The 2010 U.S. light-duty vehicle sales distribution by driving range.However, fuel-cell-powered vehicles require enough hydrogen to provide a driving range of more than 300 miles with the ability to quickly and easily refuel the vehicle. While some light-duty hydrogen fuel cell electric vehicles (FCEVs) that are capable of this range have emerged onto the market, these vehicles will rely on compressed gas onboard storage using large-volume, high-pressure composite vessels. The required large storage volumes may have less impact for larger vehicles, but providing sufficient hydrogen storage across all light-duty platforms remains a challenge. The importance of the 300-mile-range goal can be appreciated by looking at the sales distribution by range chart on this page, which shows that most vehicles sold today are capable of exceeding this minimum.
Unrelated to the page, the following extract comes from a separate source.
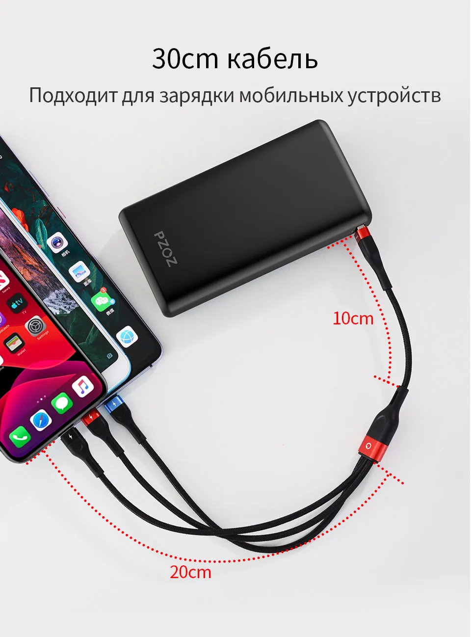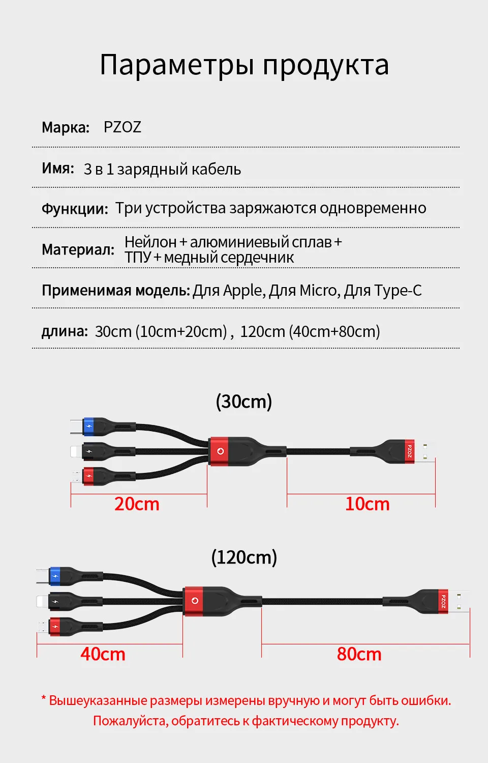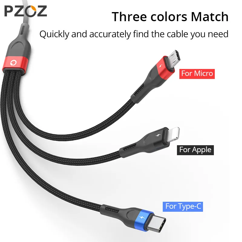 PZOZ 3 в 1 USB кабель Micro USB C адаптер для быстрой зарядки Microusb type-C телефон кабель для зарядного устройства Тип C для iPhone 11 pro X Max Xr 7 6s plus samsung S10 s9 Xiaomi mi 9 redmi note 7 8 шнур
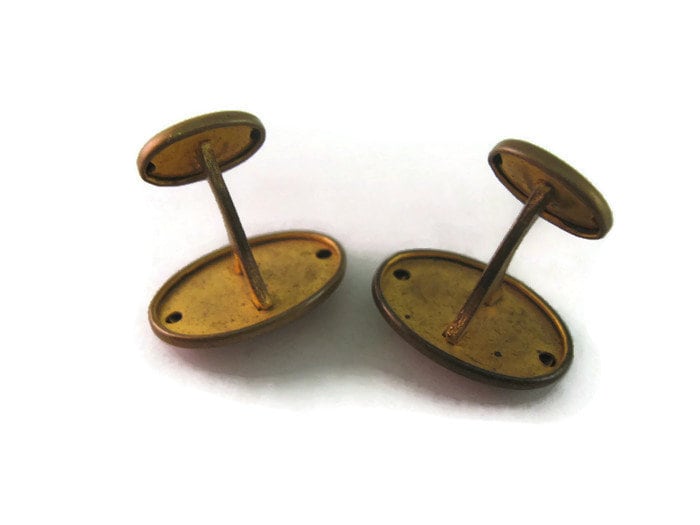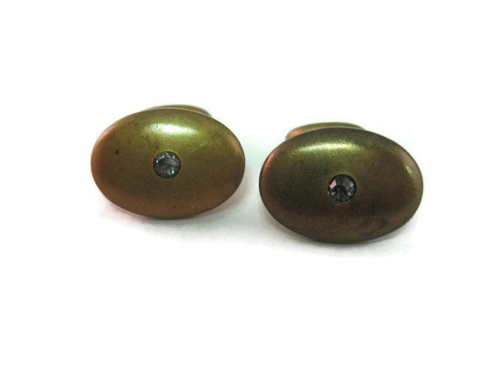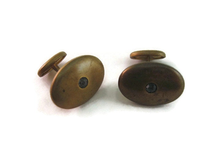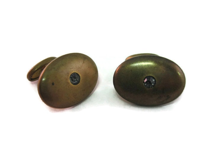 Antique Vintage Cufflinks for Men: Clear Jewel Gold Tone Oval Design

Comparison of specific energy (energy per mass or gravimetric density) and energy density (energy per volume or volumetric density) for several fuels based on lower heating values.On a mass basis, hydrogen has nearly three times the energy content of gasoline—120 MJ/kg for hydrogen versus 44 MJ/kg for gasoline. On a volume basis, however, the situation is reversed; liquid hydrogen has a density of 8 MJ/L whereas gasoline has a density of 32 MJ/L, as shown in the figure comparing energy densities of fuels based on lower heating values. Onboard hydrogen storage capacities of 5–13 kg hydrogen will be required to meet the driving range for the full range of light-duty vehicle platforms.

To overcome these challenges FCTO is pursuing two strategic pathways, targeting both near-term and long-term solutions. The near-term pathway focuses on compressed gas storage, using advanced pressure vessels made of fiber reinforced composites that are capable of reaching 700 bar pressure, with a major emphasis on system cost reduction. The long-term pathway focuses on both (1) cold or cryo-compressed hydrogen storage, where increased hydrogen density and insulated pressure vessels may allow for DOE targets to be met and (2) materials-based hydrogen storage technologies, including sorbents, chemical hydrogen storage materials, and metal hydrides, with properties having potential to meet DOE hydrogen storage targets.